# What the exercise asks
Leave out the pictures and print precisely the lines from the line with "HJD POWERLINE 74U - SIRE OF LOT 123" to the final line of the entries, both ends included.
━━━━━ Data
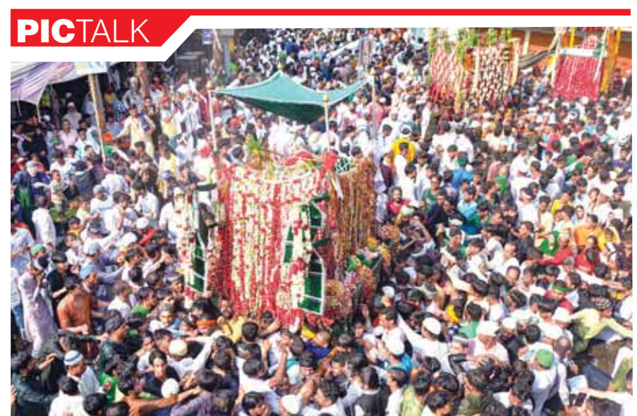
hia Muslim mourners participate in an Ashura (10th Muharram) procession, in Mirzapur

bill raised concerns about increasing regionalism and social tensions. It was feared that such a policy could create divisions between locals and non-locals, leading to a less cohesive society and potential conflicts. According to a report by the Federation of Indian Chambers of Commerce (FICCI), Karnataka's overall unemployment rate is 2.7%, which is lower than the national average of 4.2%. But these figures hide the low employability of the local populace. But to correct it with populist measures is not the best solution. Instead of mandating job reservations, the Government should focus on improving education and skill development programs for locals. Enhancing the quality of education and providing better vocational training could empower local youth to compete effectively in the job market. Now that the bill has been withdrawn it could come back later in a different form. The decision to put the bill on hold has significant political implications. The Karnataka Government has averted a standoff with the IT industry and other businesses but it may disappoint its support base which was expecting job opportunities. Nonetheless, suspending the bill will likely reassure businesses and investors. But the Government will have to focus on providing employable skills to locals, so that they could get employment in Karnataka's IT industry.
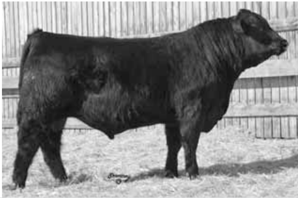
HJD POWERLINE 74U - SIRE OF LOT 123
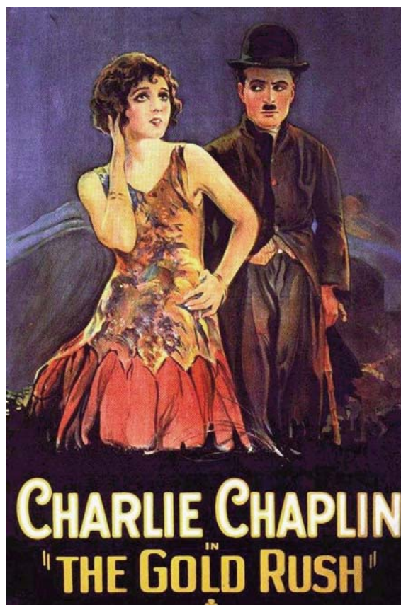
Figure 5.- A good film for smiling

The Gold Rush (1925) and The Great Dictator (1940) by Charles Chaplin, and It's a Mad Mad Mad Mad World (1963) by Stanley Kramer (Figure 5).
━━━━━━━━━━
# Solution
HJD POWERLINE 74U - SIRE OF LOT 123
Figure 5.- A good film for smiling

The Gold Rush (1925) and The Great Dictator (1940) by Charles Chaplin, and It's a Mad Mad Mad Mad World (1963) by Stanley Kramer (Figure 5).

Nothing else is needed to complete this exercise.